Developer Booted From Stock Market Amid Cleanup
Property developer Zhonghong Holdings Group became the first company in China to be delisted by regulators because of poor share price performance amid a company debt crisis.
The Shenzhen Stock Exchange announced the delisting Thursday as Zhonghong’s shares have constantly traded below par value.

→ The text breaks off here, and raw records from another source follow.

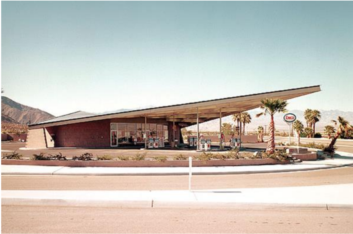
The Tramway Gas Station is now the Palm Springs Visitors Center.

Due to the HSPB and other local preservation organizations, Palm Springs has retained much of its important Spanish Colonial Revival and Midcentury Modern architecture. Two high profile examples of architectural preservation through Class 1 historic designation are the Tramway Gas Station and the Santa Fe Federal Savings and Loan.
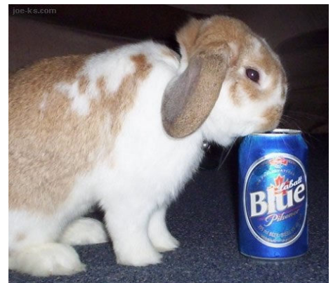
The Easter Bunny: The morning after.
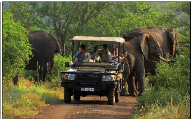
Open safari vehicle for certain game drives
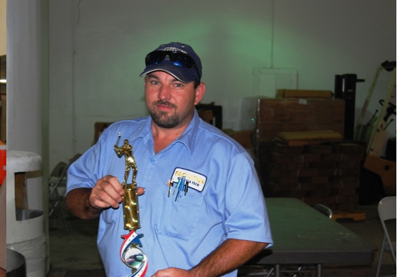
1st Place 3 Point Shoot-out
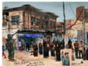
STEVE MUMFORD (American, born 1960) US Mobile Medical Clinic Attracting Iraqis, Baghdad 2007 Ink and gouache on paper 11 3/4 × 15 5/8" (29.8 × 39.7 cm)
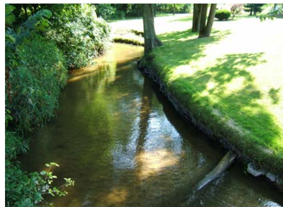
Figure A: Green Lake Creek upstream of 11 th Street.

Green Lake Creek was sampled at 142 nd Avenue (Station 2) and at 11 th Street (Station 3). The riffle/run habitat at Station 2 scored at the lower end of good (109; slightly impaired; Table 2a). The substrate consisted of sand and gravel riffles embedded approximately 50% with sand. The right stream bank was reinforced with concrete rip rap as the stream flowed closer to 142 nd Avenue. Bank scour evidence suggested that the channel flow was somewhat flashy. The riparian area consisted
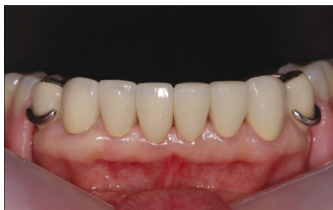
Fig. 8. Recall check - 4 months later.
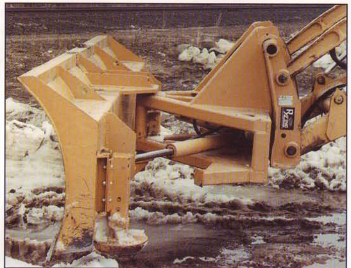
SRP ANGLE DOZER RAMP PLOW (OPTIONAL COUPLER AND SKID SHOES SHOWN)
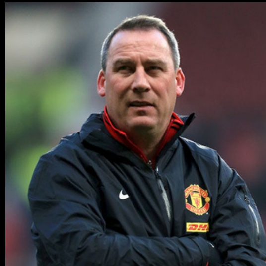
1ST TEAM COACH
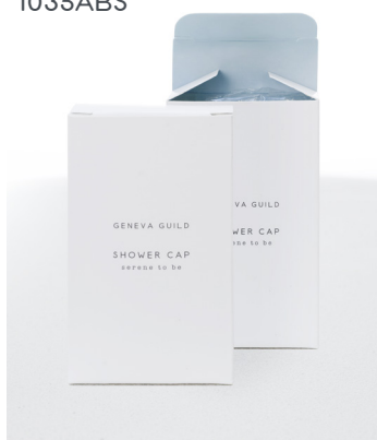
SHOWER CAP in paper case C02MAGG
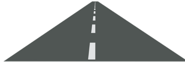
st r a i g h t
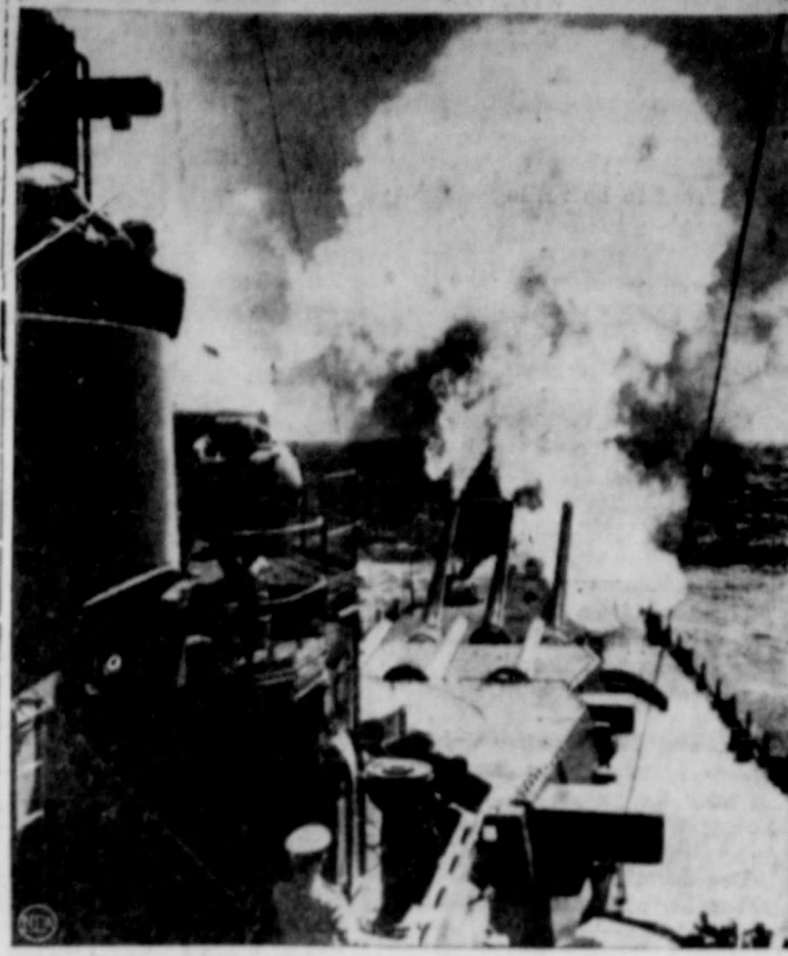
Blasts in the night from the guns of Allied warships set off the invasion of Sicily. Tremendous salvos, such as the fire from a U. S. battleship's 16-inch guns, above, started a chain of smoke and flames 10 miles inland on the Sicilian coast, according to eyewitness report.

One bottle won does not win a war. We've got tougher times ahead. Buy More War Bonds For Freedom's Side
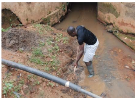
Clearing debris on river course as part of BSNC's slum regeneration programme

The action also involves collecting all the rubbish deposited in the water course and around the borders, in order to make rid of potential dirt that may be poisonous to aquatic biodiversity and humans. The rubbish collected from the flowing streams and borders is heaped and destined to the urban dust bin.
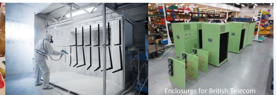
Enclosures for British Telecom
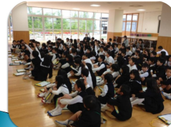
Food Education Program at the school
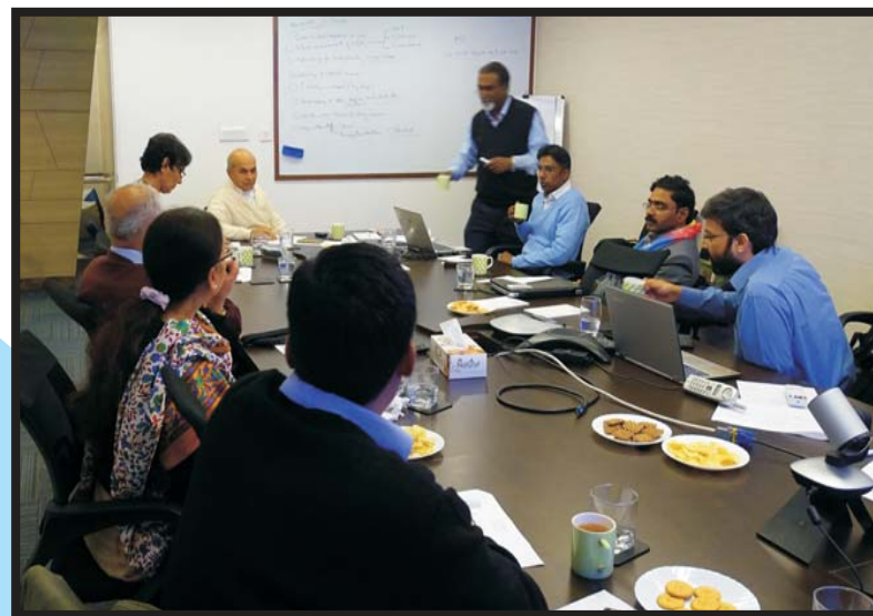
Brain storming for developing the strategic plan
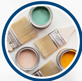
Storage and In can preservation (TP 6)
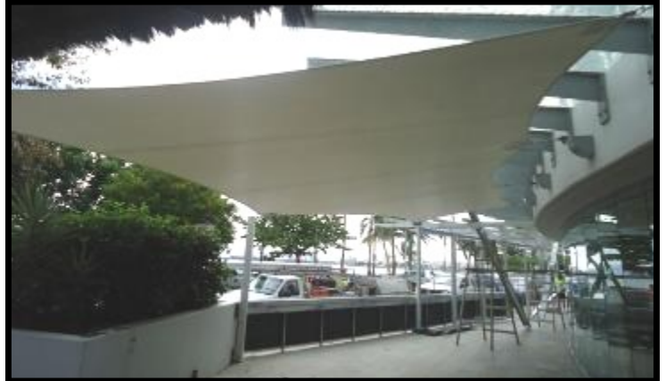
OUTDOOR EATING AREA AT WATERMARK RESTAURANT

We also manufacture & install vinyl sails and structures using specialised quality reinforced tensioned membrane material. We utilise the latest computer modelling software and computer aided plotter cutter to produce architectural vinyl membranes that achieve even tension over structures and between attachment points.
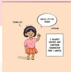
Picture 4.14 Panel Comic

The first panel depicts a flashback showing Lily's childhood passion for watching movies.
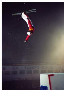
Turin 2006 Aerials (W)
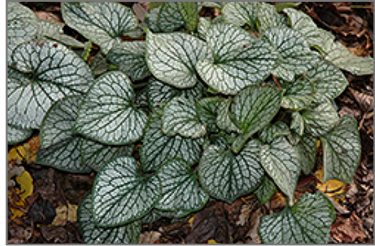
Jack Frost Bugloss
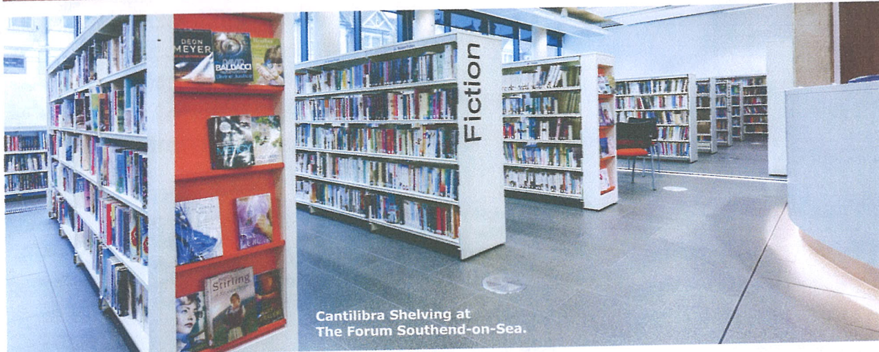
Cantilibra Shelving at The Forum Southend-on-Sea.

The school and college library plays an ever increasing role in shaping the future of our students. An attractive library space can create a destination for students, attracted by a modern library with new furnishings, learning materials, technology and services. It's no secret that young people can be put off by the negative stereotypes of quiet, dingy libraries but now is the time to reconnect with your students and create modern, comfortable and welcoming library interiors with new furnishings and technology.
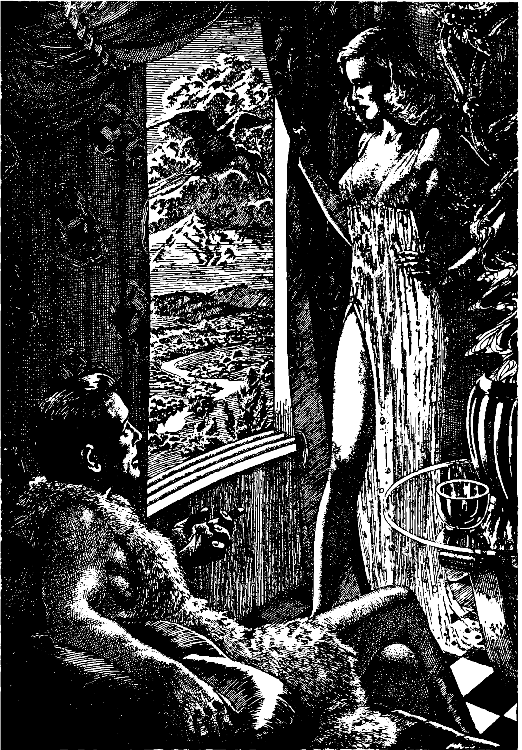
The girl stood looking out of the window of her sanctum
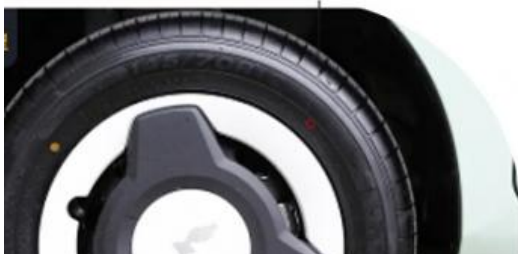
The picture of the steel wheel and wheel decorative cover is the 2021 Macaron Enjoyment Sanyuan Li
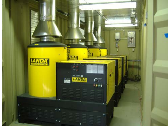
4 hot water pressure washers in hardened enclosure
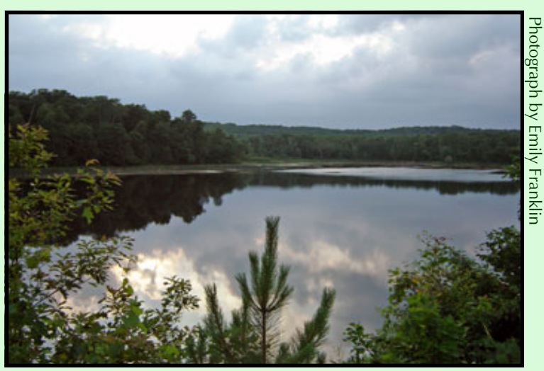
Summer on Schmid Lake in Collegeville Township, June 2005

For more information visit: http://www.csbsju.edu/arboretum/avonhills
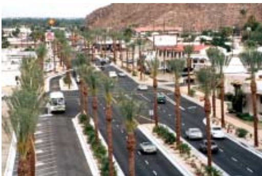
Freedman Tung & Bottomley

Streets must have spaces and elements designed for both automobiles and pedestrians. For example,
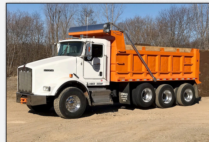
2005 Kenworth T800 Triaxle Dump Truck
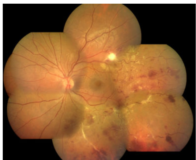
Figure 2: Retinal haemorrhages, soft exudates, sheathing, in an SLE patient.

Optic disc pallor was documented in six of 18 eyes. Additionally, one eye had glaucomatous optic atrophy secondary to iris neovascularization and neovascular glaucoma. Combined central retinal artery and vein occlusion was seen in one eye of one patient, who was a diagnosed case of antiphospholipid antibody syndrome (APLS). SLE choroidopathy was present in only one eye Figure 3.
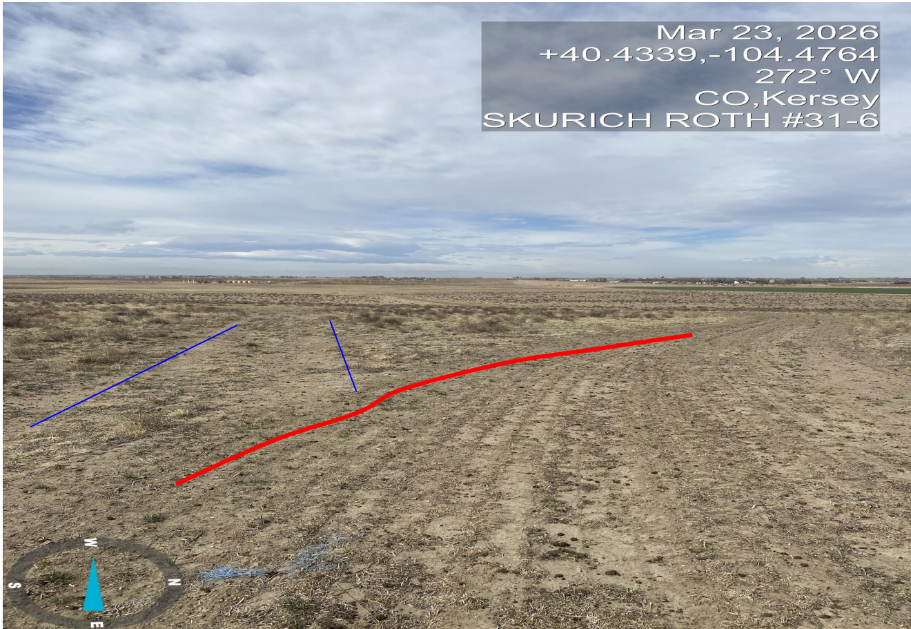
Photo 13. Photo taken at the point where the secondary access road intersects the main lease road. To the right of the red line is the main lease road and the location access road is outlined by the two blue lines. Both roads have significant bare soil, and more work is needed to meet final reclamation standards. Work was recently completed on the main lease road but not on access road to well location.
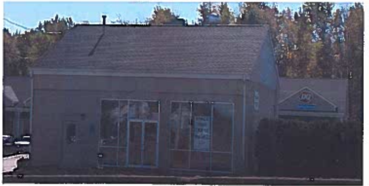
One of Waterville's busiest streets. Great mix of tenants in KMD Plaza to attract customers to your business
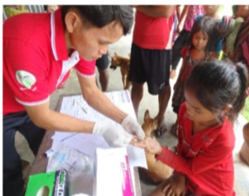
TRAINED VHVS CONDUCTING RDT IN PHOUVONG

According to data from project evaluation, the project managed to reach malaria risk groups. The qualitative component of the evaluation revealed that most participants feel that the most significant achievement was the partnership that was built, bridging policy-makers at the central level and the health education and service providers at the field level. The incorporation of MMPs into the national health system made the MOH recognize that malaria eradication 2030 cannot be achieved without tackling malaria in this population.
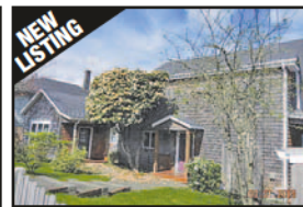
590 Franklin Ave, Astoria $345,000
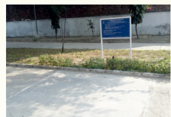
Trial Stretch made using Geopolymer Concrete
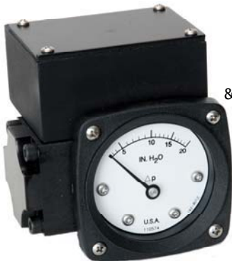
Model 142 with 2-1/2" Dial & 4-20mA Transmitter

“A World Leader in Differential Pressure Gauges, Switches & Transmitters
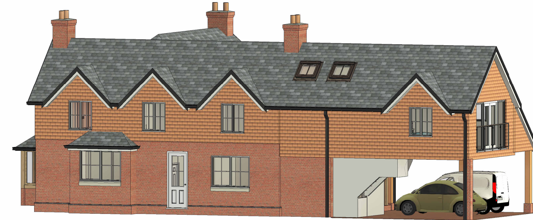
5 3D Front
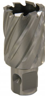
D9528 HSS Drill Broach Cutter
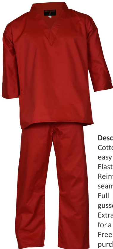
Art No#: 200-R

Cotton/Polyester blend fabric for easy care. Elastic waist with drawstring tie. Reinforced double stitched flat seams. Full cut design and 3-piece pant gusset. Extra strength and room to move for a perfect fit. Free white belt included with purchase.
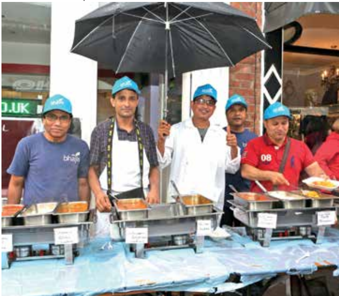
Brolly good show from the team at Bajis.
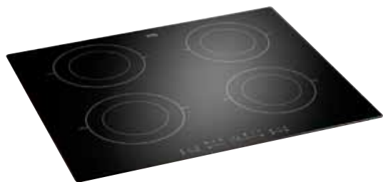
HI6071T 600mm wide Touch Control Induction Hob

Zhonghong will enter a delisting period of 30 trading days starting Nov. 16 and be removed from the exchange thereafter, the bourse said.
Zhonghong said in a filing that it will strictly follow regulators’ requirements and complete the delisting and follow-up work.
The Shenzhen bourse’s decision reflected regulators’ attempts to address stocks with poor earnings amid a recent market rout that wiped out nearly 30% of the Shanghai and Shenzhen indexes since their January peak.
A market data provider operated by Securities Times showed that nearly 40 stocks in Shanghai and Shenzhen traded at less than 2 yuan ($0.29) as of Thursday.
Zhonghong halted trading Oct. 18 at 0.740 yuan. Before the suspension, the stock traded below the face value of 1 yuan ($0.14) for 20 consecutive trading days as the company struggled with weakening profitability and mounting debt.
Both the chairman and the general manager resigned before the suspension.
A Caixin investigation found that Zhonghong and subsidiaries amassed more than 80 billion yuan in outstanding liabilities, including some off-balance sheet borrowing, by the end of 2017. About 40 billion yuan of the debts mature by the end of this year.
Zhonghong reported a net loss of 558.5 million yuan for the third quarter, compared with a net profit of 53.4 million yuan a year earlier. The company booked a full-year loss of 2.51 billion yuan in 2017, citing slowing sales amid a government crackdown on property market speculation.
Beijing-based Zhonghong listed in Shenzhen in 2000. It has 8.39 billion outstanding shares, valuing the company at 6.21 billion yuan. A market analyst attributed Zhonghong’s share price slump to its aggressive expansion of equity. Since 2011, Zhonghong expanded its publicly traded shares from 562 million to the current 8.39 billion through share splits and replacements.
In 2016, Zhonghong was hit with hefty fine for involvement in a high-profile case of securities market manipulation masterminded by convicted hedge fund manager Xu Xiang.
The Shenzhen Stock Exchange required Zhonghong to work out a plan to protect the interests of its investors after the delisting and fully disclose related information to investors. The company’s interim report showed that it had 246,600 shareholders.